[[ Entries shown open ]]

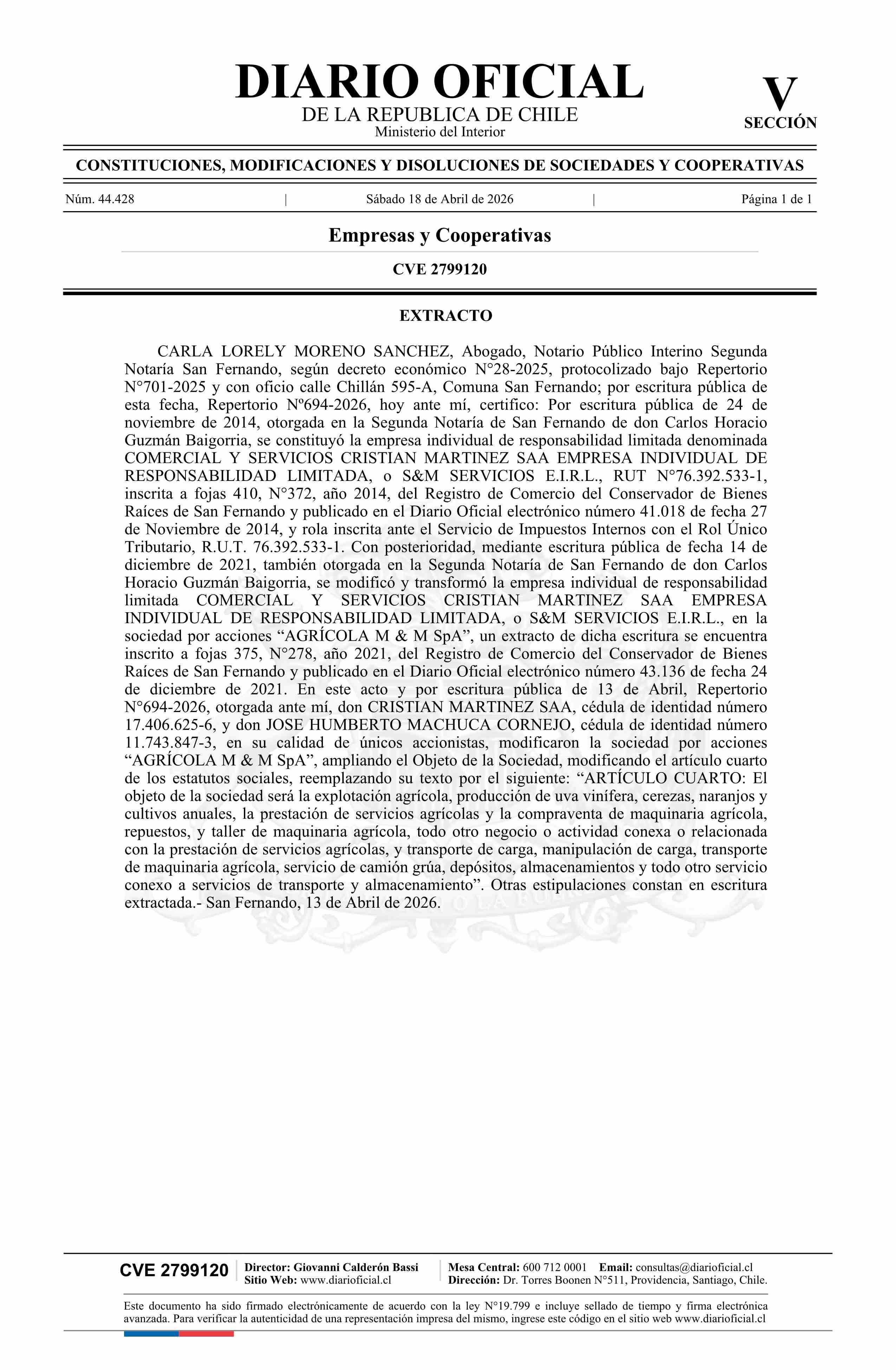 Título: COMERCIAL Y SERVICIOS CRISTIAN MARTINEZ SAA EMPRESA INDIVIDUAL DE RESPONSABILIDAD LIMITADA 76.392.533-1*
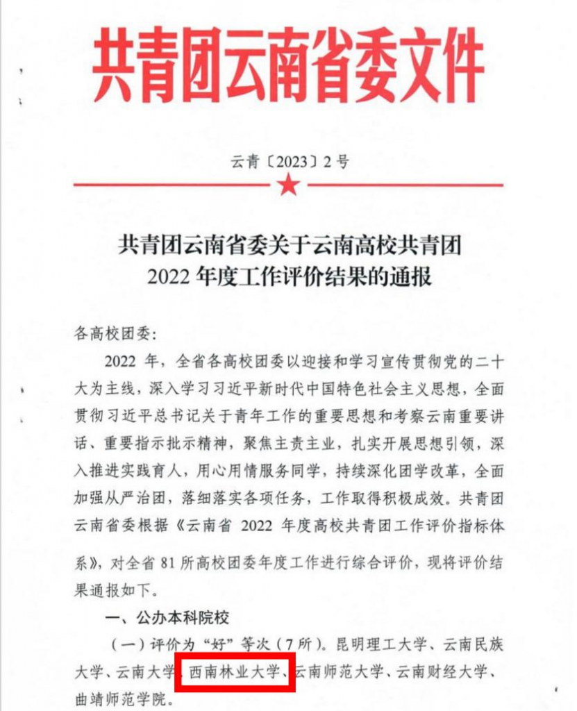 近日,共青团云南省委印发《关于云南高校共青团2022年度工作评价结果的通报》,kaiyun体育共青团工作在全省81所高校中获评“好”等次。
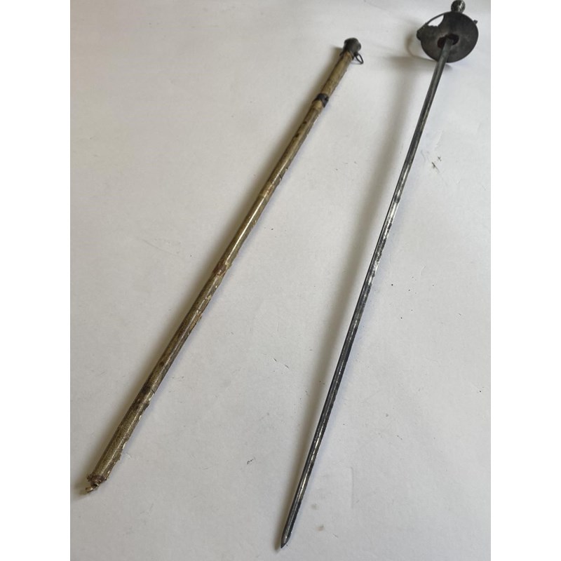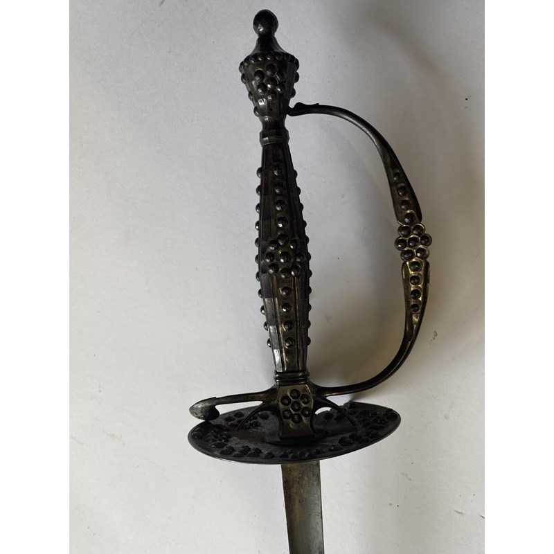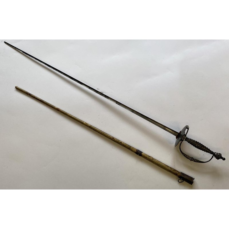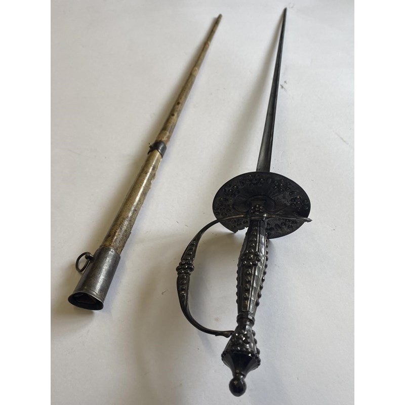 With a 77cm triform tapering pointed blade, with a circular dished guard and polished cut steel grip, bow and vase shaped pommel, in a steel mounted scabbard with shagreen effect covering. 95cm overall length.
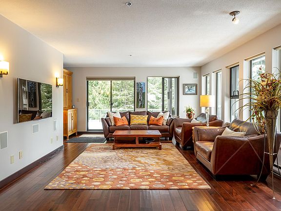 123 Greyhawk is a fabulous renovated ground floor unit that is absolutely breathtaking and must be seen. Featuring 2 spacious bedrooms & 2 bathrooms throughout the 1,450 sq/ft of living space. This is a great unit if you are looking for your full time Whistler home, your mountain getaway or investment property as the flexible zoning for the complex does allow owners to rent on a nightly/weekly basis. Enjoy the unique floor plan that offers an open concept kitchen, dining and living room that walks out onto a lovely patio space. The primary suite also has its own outdoor space where you will undoubtedly enjoy starting and ending your day! Notable complex amenities include; secure underground parking, storage, common area lounge with pool table, sauna & hot tub.
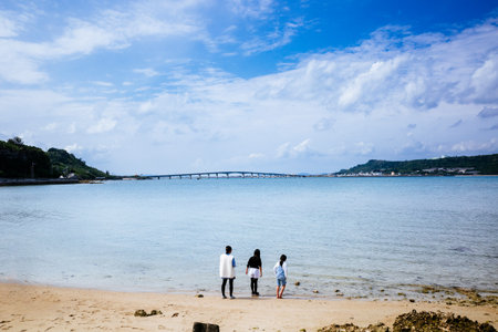 Okinawa, Japan - July 2024 : Long bridge of Kouri Island and beach from high view by drone with clear sky and sea water.
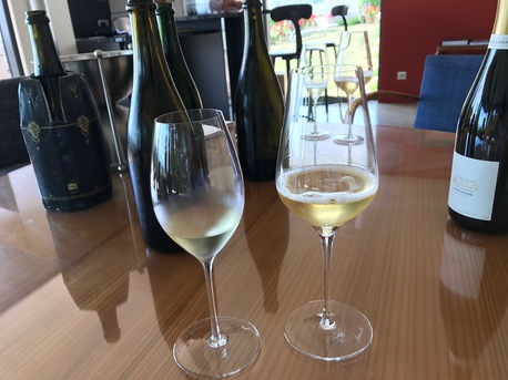 「まず750mlのスティルワインを造る、そして瓶内二時発酵時にワインの容量は少しだが増加するんだ。そしてデゴルジュマンで今のようにほんの少しの澱を飛ばす。その後ボトルの中にあるのは750mlのワインだ。それで完成、何も足さない。ドザージュ※5 もいらない。」

[[ Entries shown closed ]]

- Task brief
Pictures do not belong in your copy; restate word for word the lines from the one containing "123 Greyhawk is" through the last line of the records above.

- Response to this exercise
 123 Greyhawk is a fabulous renovated ground floor unit that is absolutely breathtaking and must be seen. Featuring 2 spacious bedrooms & 2 bathrooms throughout the 1,450 sq/ft of living space. This is a great unit if you are looking for your full time Whistler home, your mountain getaway or investment property as the flexible zoning for the complex does allow owners to rent on a nightly/weekly basis. Enjoy the unique floor plan that offers an open concept kitchen, dining and living room that walks out onto a lovely patio space. The primary suite also has its own outdoor space where you will undoubtedly enjoy starting and ending your day! Notable complex amenities include; secure underground parking, storage, common area lounge with pool table, sauna & hot tub.
 Okinawa, Japan - July 2024 : Long bridge of Kouri Island and beach from high view by drone with clear sky and sea water.
 「まず750mlのスティルワインを造る、そして瓶内二時発酵時にワインの容量は少しだが増加するんだ。そしてデゴルジュマンで今のようにほんの少しの澱を飛ばす。その後ボトルの中にあるのは750mlのワインだ。それで完成、何も足さない。ドザージュ※5 もいらない。」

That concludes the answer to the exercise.